Это по-настоящему — страница 35 из 60

Я каждый раз односложно отвечаю и поворачиваюсь к менеджеру, делая вид, что увлечен беседой. Парень говорит что-то про маркетинговые стратегии и использование групп в «Фейсбуке» для того, чтобы организовать онлайн-фанбазу. Хоть я и ненавижу социальные сети, но все равно знаю, что сейчас в тренде, а он явно не имеет об этом ни малейшего понятия. Я хочу ему сказать, что «Фейсбук» скоро вымрет, как динозавр, и что все сидят в «Инстаграме» и «Снэпчате», но он настолько увлечен своей речью, что я позволяю ему разглагольствовать дальше, потому что он создает хорошую подушку безопасности между мной и пылкой брюнеткой.

Аукцион быстро заканчивается. Я участвую в торгах только на один лот – поездку в Париж, потому что мне кажется, что Вонн могло бы понравиться что-то в этом духе. И хотя лот достается не мне, не расстраиваюсь – все равно она бы, скорее всего, со мной не поехала.

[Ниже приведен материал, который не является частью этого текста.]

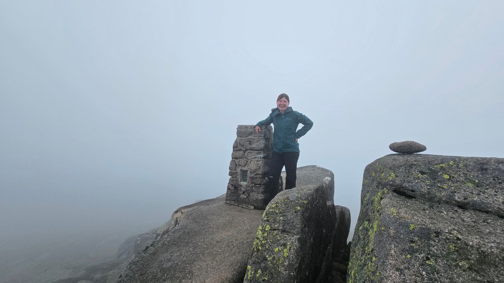 Sadly, thats when the view ended, I walked straight into the clouds. Maybe it was walking without the extra weight but reaching the plateau felt like an easy work- it wasn’t steep but also wasn’t long, just a perfect balance. I wanted to say the path is straightforward but… once you reach the plateau, that’s when the things get complicated. While approaching from Loch Muick- the first and the highest summit will be to your right (North on the map). Actually, there are two summits and that’s what is confusing. First is Cac Carn Mor, which is quite often mistaken for Lochnagar. What you have to do is go behind the cairn and keep following the path for another 500m to Cac Carn Bearg. You will see the trig point. That’s Lochnagar.
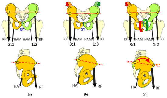 2. The absolute anterior and posterior torques are left–right different, but show the same ratio, with the torque of the knee extensors (more precisely, the torque of the rectus femoris as part of the quadriceps femoris) being predominant. This can lead to an anteversion of the pelvis, which affects both hemi-pelvises equally (Figure 5b). Shearing forces would not develop in the pubic symphysis. The influence of the relevant muscle groups on the positioning of the pelvis has been analyzed in other studies [14].
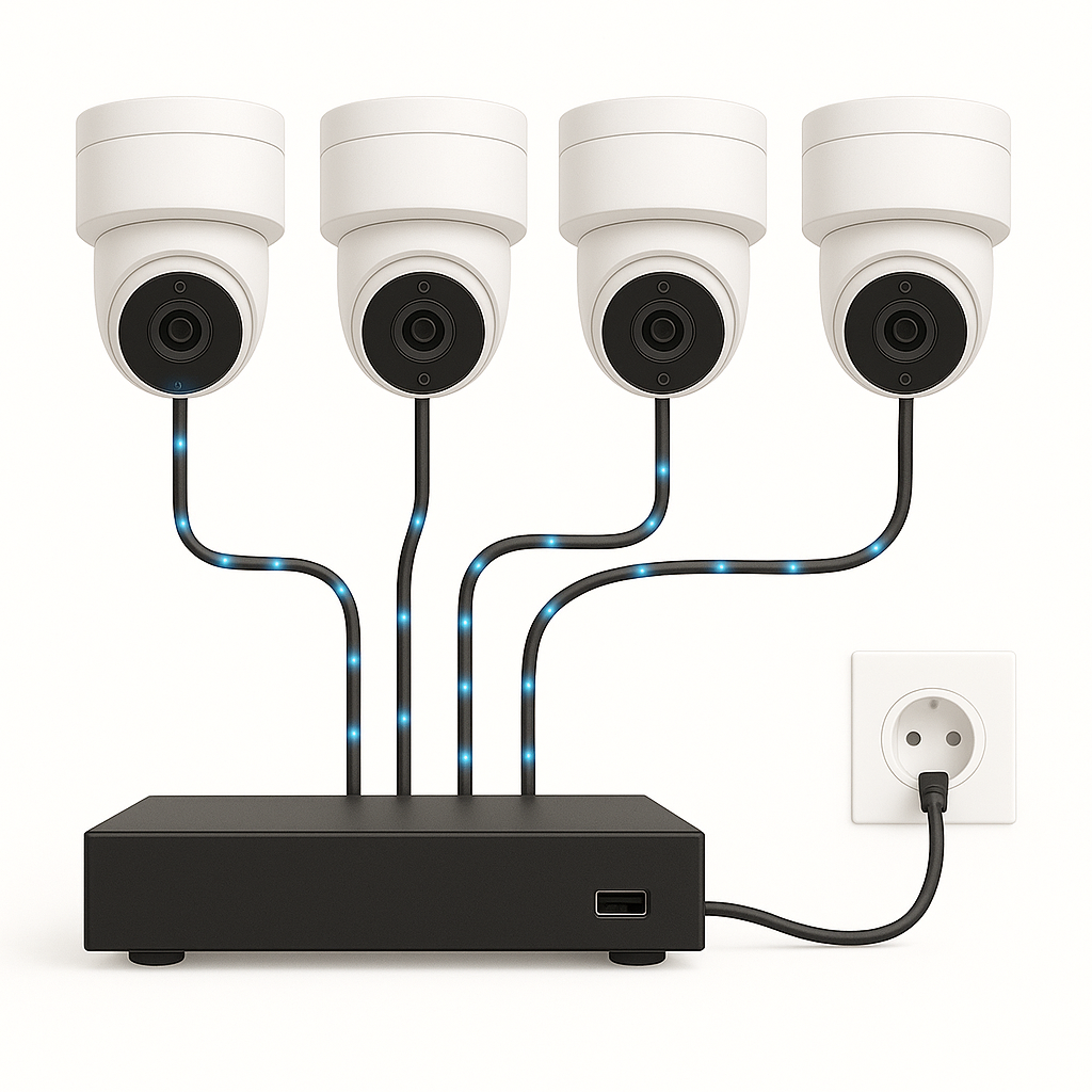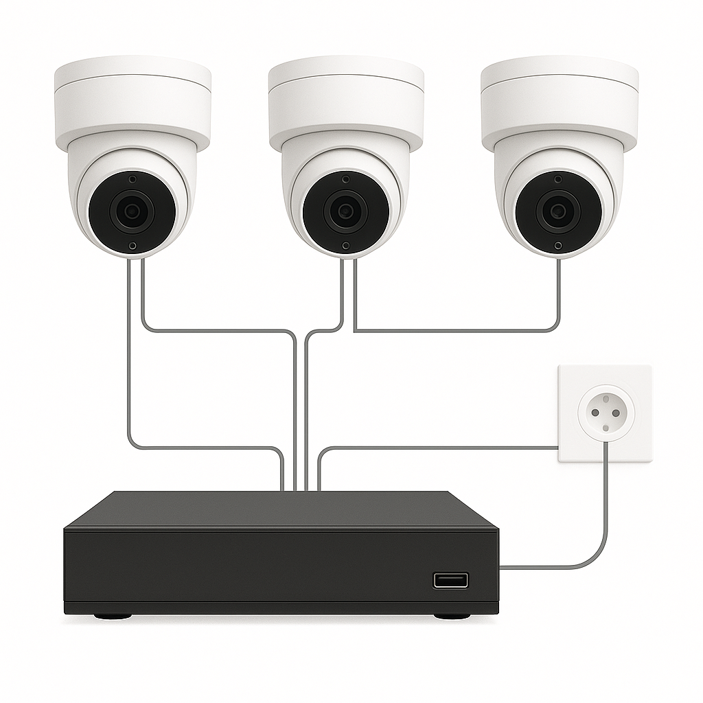 Unsere kabelgebundenen Systeme nutzen Power over Ethernet (PoE). Ein einziges Netzwerkkabel pro Kamera reicht für Stromversorgung und Bildübertragung aus – ganz ohne separate Steckdose. Dadurch ist die Installation besonders einfach und das Ergebnis äußerst sauber. ✅
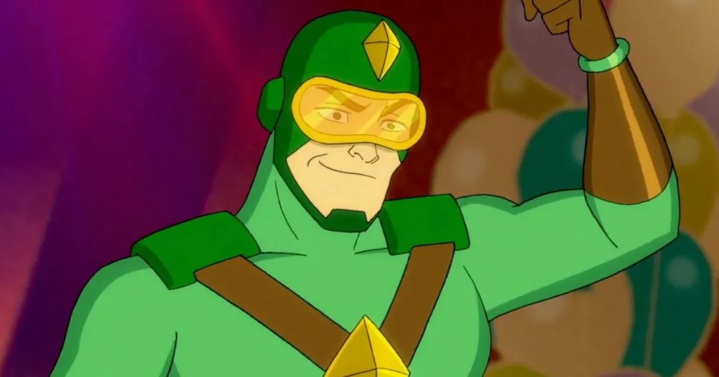 Kite Man est… un vilain avec un cerf-volant dans le dos. Il est apparu dans la série animée Harley Quinn et a maintenant son propre show !
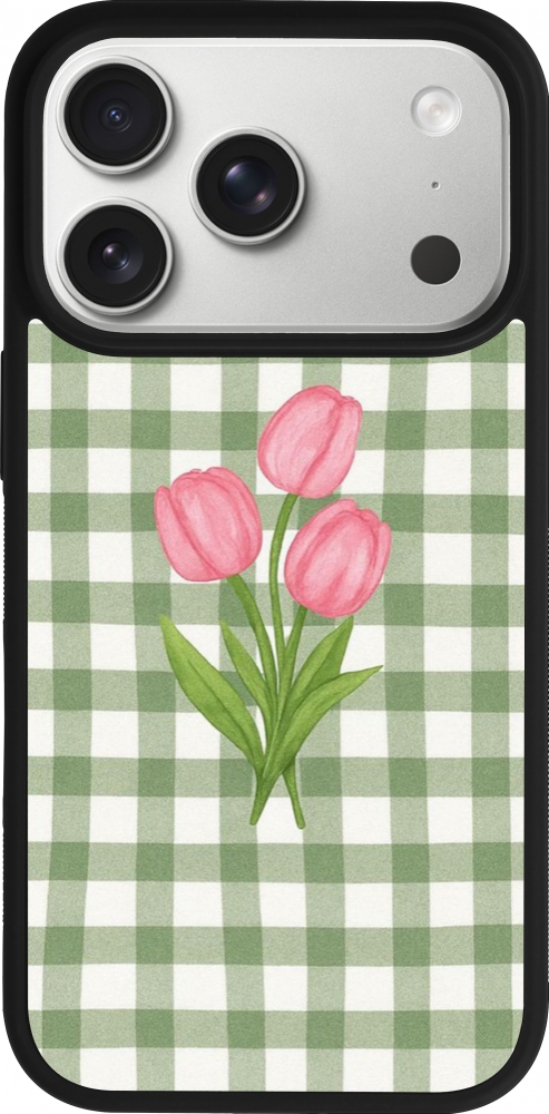 Coque iPhone 17 Pro - Silicone rigide noir Green vichy tulips Spring 2026

Затем наступает короткий перерыв, после которого группа выходит на сцену. Я быстро встаю из-за стола, но даже попытка покинуть помещение превращается в настоящее испытание. Меня постоянно останавливают, приходится кивать, улыбаться и говорить: «Да, отличная группа, но мне нужно ненадолго отлучиться».

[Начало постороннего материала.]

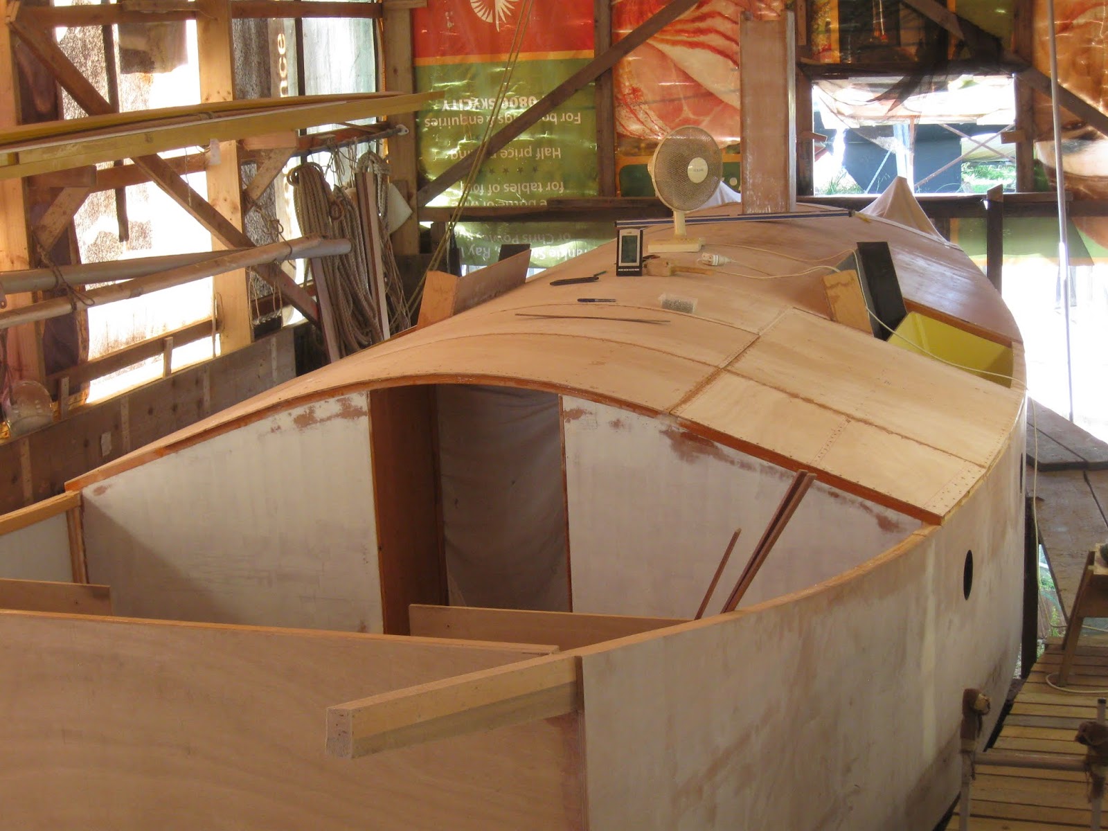 By coincidence, just this afternoon Marcus and I were discussing the failure of the plywood deck on the old scow I built 50 years ago. (I did not make the deck, the next owner did it). It was a single skin deck, with butt joins landed on bulkheads. The bulkheads are actually 3.5 inches thick so no butt straps were used. 40 years later cracks appeared at all these joins – and later, rot set in. Bulkheads are hard spots of course, and I think the joins would have been better between the bulkheads, and done with plywood butt straps. To make matters worse, the deck was then just dressed with canvas and paint.
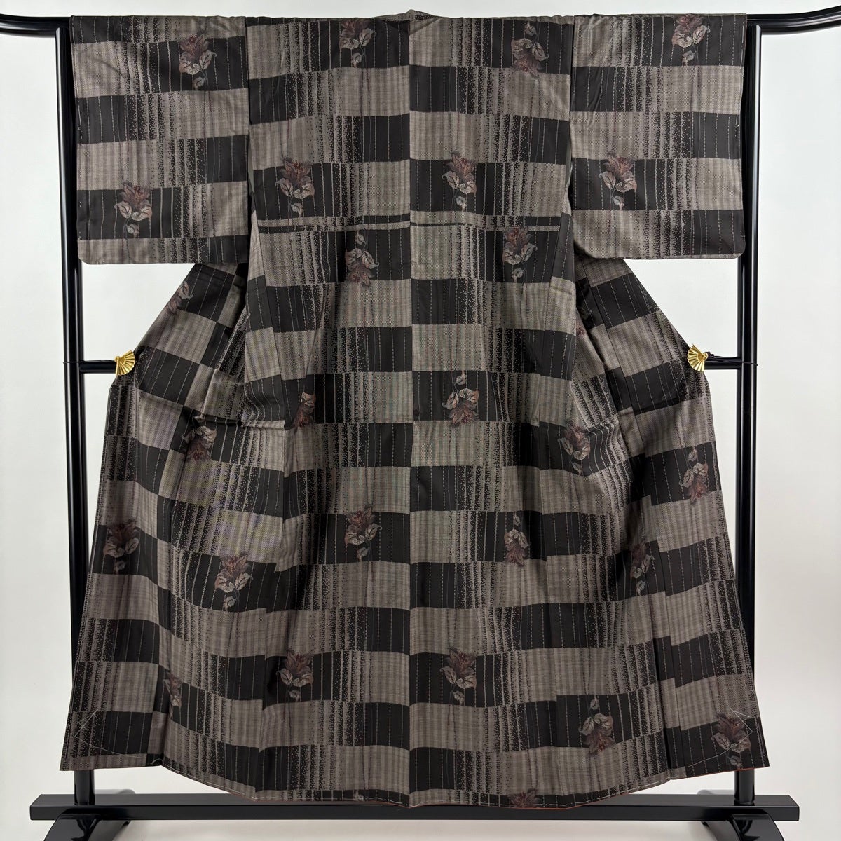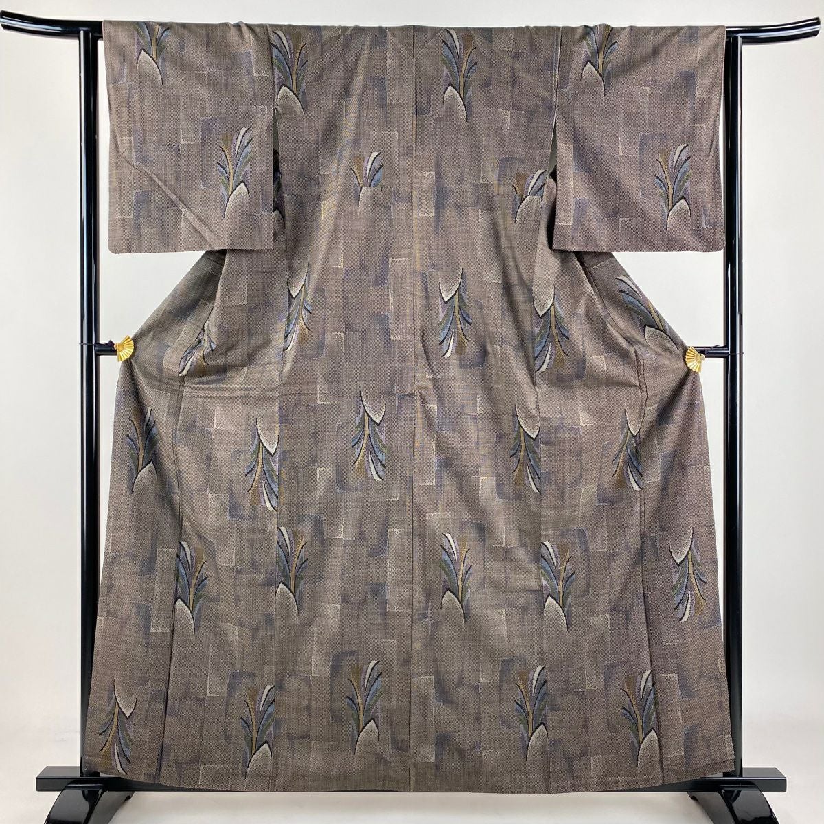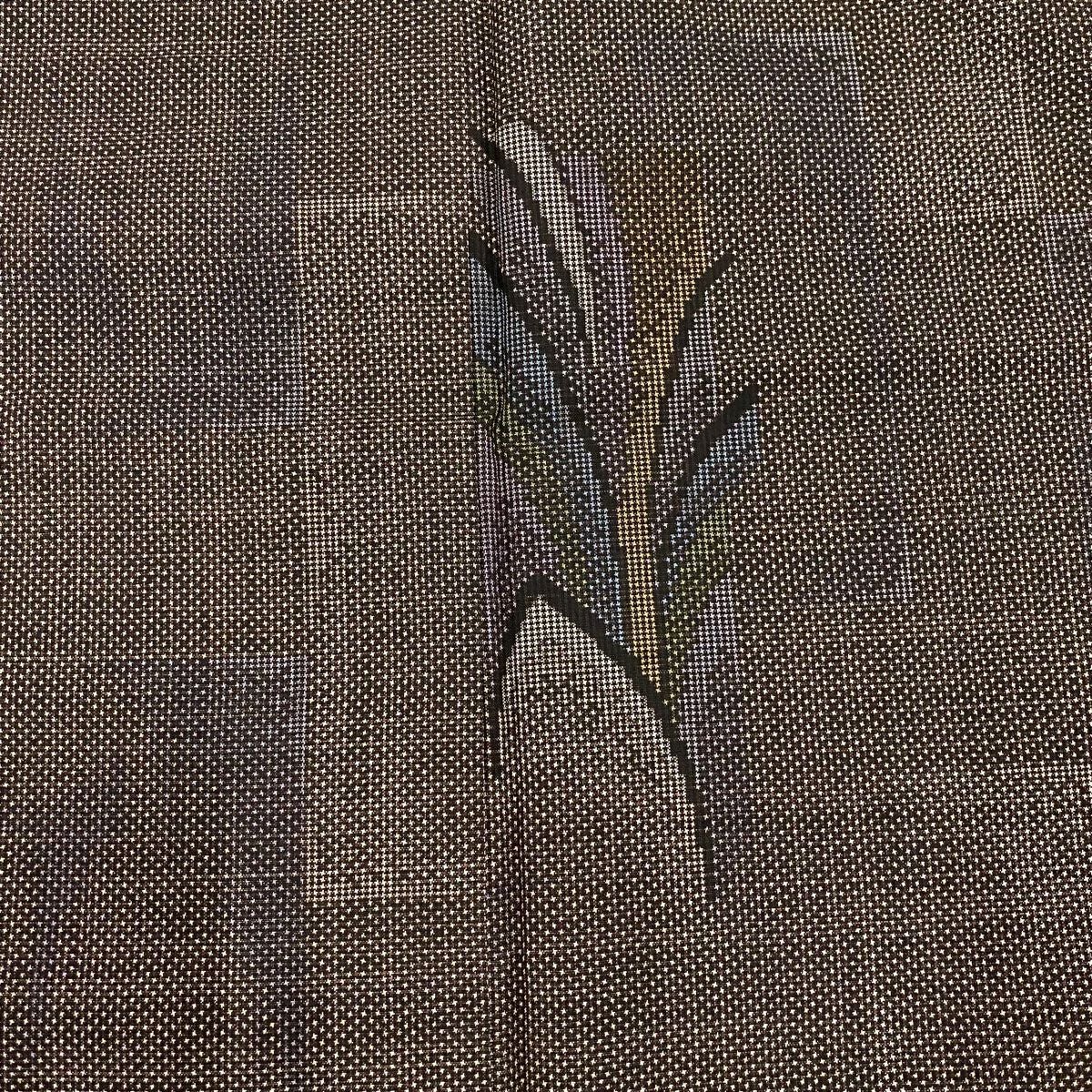 【美品】 紬 身丈156cm 裄丈64.5cm M 袷 草花 縞 焦茶色 正絹 秀品

Наконец я оказываюсь возле стеклянных дверей, которые ведут на небольшую террасу. Я даже не уверен, можно ли сюда выходить. Место для курения оборудовано во внутреннем дворе, но мне наплевать. Я, в конце концов, Окли Форд. И мне нужно побыть одному – эти люди с их бесконечной болтовней меня утомляют.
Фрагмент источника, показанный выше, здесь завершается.